Ten Korean and ten English native speakers participated in the experiment. The Korean participants, five males and five females (Mean age=23.9, SD=2.0), were recruited from Sogang University in Seoul, Korea. Their average age of first exposure to English study was 10.2 years (SD=1.9). No participants had lived in an English-speaking country or majored in English at the time of the task. As a control group, ten native speakers of American English recruited from Stony Brook University participated in the repetition experiment, five males and five females (Mean age=26.3, SD=4.3). They were monolingual and had no experience with Korean. None of the participants reported any hearing or speech disorders. All were paid for their participation after completing the experiment.
Participants were asked to listen to auditory stimuli and to repeat what they heard through a laptop computer. They were given no orthographic or other information but only aural information using a headphone. Each frame consisted of repetition of a stimulus followed by the phrase "Please repeat". After this, participants were given three seconds to produce the stimulus. The participants were familiarized with the experimental task by taking a practice trial round with a couple of words that were not included in the test items. The recording of the Korean group was conducted in a sound-attenuated booth in the English Department at Sogang University, and that of the English group in the Linguistics Department at Stony Brook University. Both recordings were done using a Shure SM57 microphone and a Zoom H4n recorder at 44.1 kHz sampling rate.
The perceptual similarity approach, proposed by Kang (2003) following Steriade (2001), assumes that Korean speakers accurately perceive the English forms, but they insert a vowel in their production to maintain perceptual similarity between the English and Korean forms. Thus, this approach predicts for the production experiment that Korean speakers will produce the English final stop as a stop followed by a vowel although they correctly perceive the stop as a final consonant.
Producing C as CV should result in noise intervals after the final consonant that are longer than those associated with producing C as C even where C is released because producing C as C involves transient and frication of the stop while producing C as CV involves aspiration and onset of voicing following transient and frication. As will be discussed in the following section, noise intervals were defined as every noise made following the closure of final stops. For the production task, Korean speakers are predicted to produce stronger noise intervals than English speakers, who never insert a vowel after the final stop and simply release the stop. The vowel that is expected to be inserted by Korean speakers is predicted to be perceived as an epenthetic vowel by English listeners. The predictions given in (1) are tested by comparing the productions of Korean and English speakers and investigating the noise intervals of Korean speakers.
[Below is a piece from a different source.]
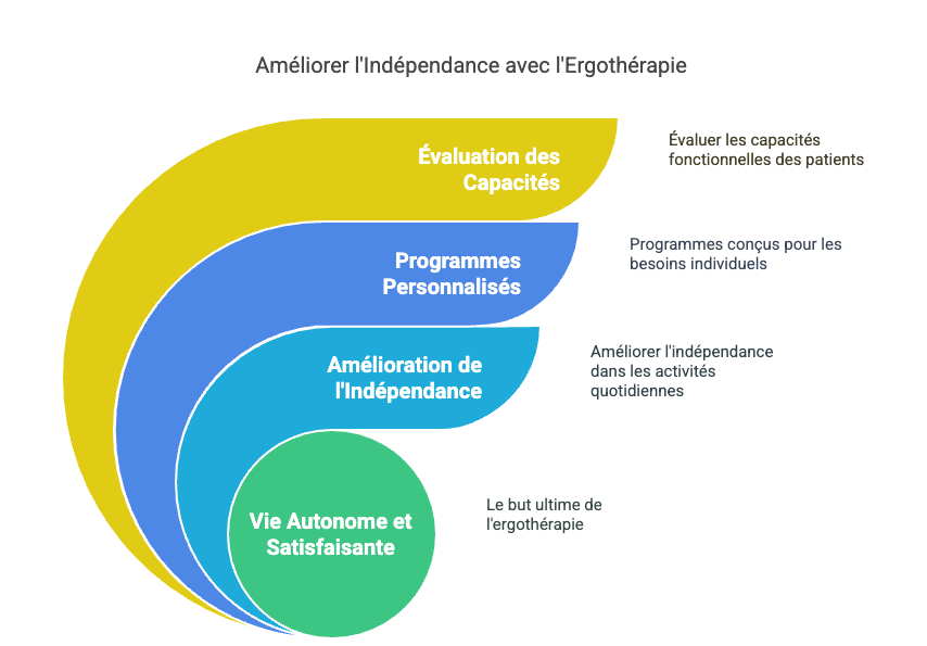 L’ergothérapie vise à aider les individus à retrouver ou à développer des compétences nécessaires pour mener une vie autonome et satisfaisante. Les ergothérapeutes évaluent les capacités fonctionnelles des patients et conçoivent des programmes personnalisés pour améliorer leur indépendance dans les activités quotidiennes, que ce soit à la maison, au travail ou dans la communauté.

(1) Predictions for the production experiment
a. Korean speakers will produce significantly longer noise intervals after English final stops than English speakers.
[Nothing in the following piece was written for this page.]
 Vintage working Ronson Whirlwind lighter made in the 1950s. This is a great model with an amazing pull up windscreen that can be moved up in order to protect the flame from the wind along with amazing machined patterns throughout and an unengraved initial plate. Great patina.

b. The longer noise intervals of Korean speakers will be perceived by English listeners as an epenthetic vowel.
In the following section, I discuss the noise intervals after the stop closure of the final stops and check if noise intervals produced by Korean speakers are longer when compared to those of English speakers.
The productions of ten Korean and ten English speakers were measured using Praat (Boersma & Weenink, 2018). For each speaker, a noise interval following the closure of final stops was measured. I first discuss the definition of burst noise in the description of noise events of syllable-initial stops and turn to "noise intervals" that the current study addresses. Kent & Read (2002) describes a sequence of acoustic events associated with progression from a word-initial stop to a vowel: transient, frication, aspiration, and voicing. On the release, a pulse of energy is created as the air escapes. This plosion is called a transient because of its brevity and momentary character although this terminology is not widely used (Kent & Read, 2002: 141). The transient is one of the shortest acoustic events in speech, no longer than 5 to 40 ms in duration. It is followed by frication which is a turbulence noise created as the oral constriction is gradually released. Following the transient and frication, aspiration occurs in the case of word-initial stops. Aspiration is followed by onset of voicing where vocal fold vibration for the vowel is initiated.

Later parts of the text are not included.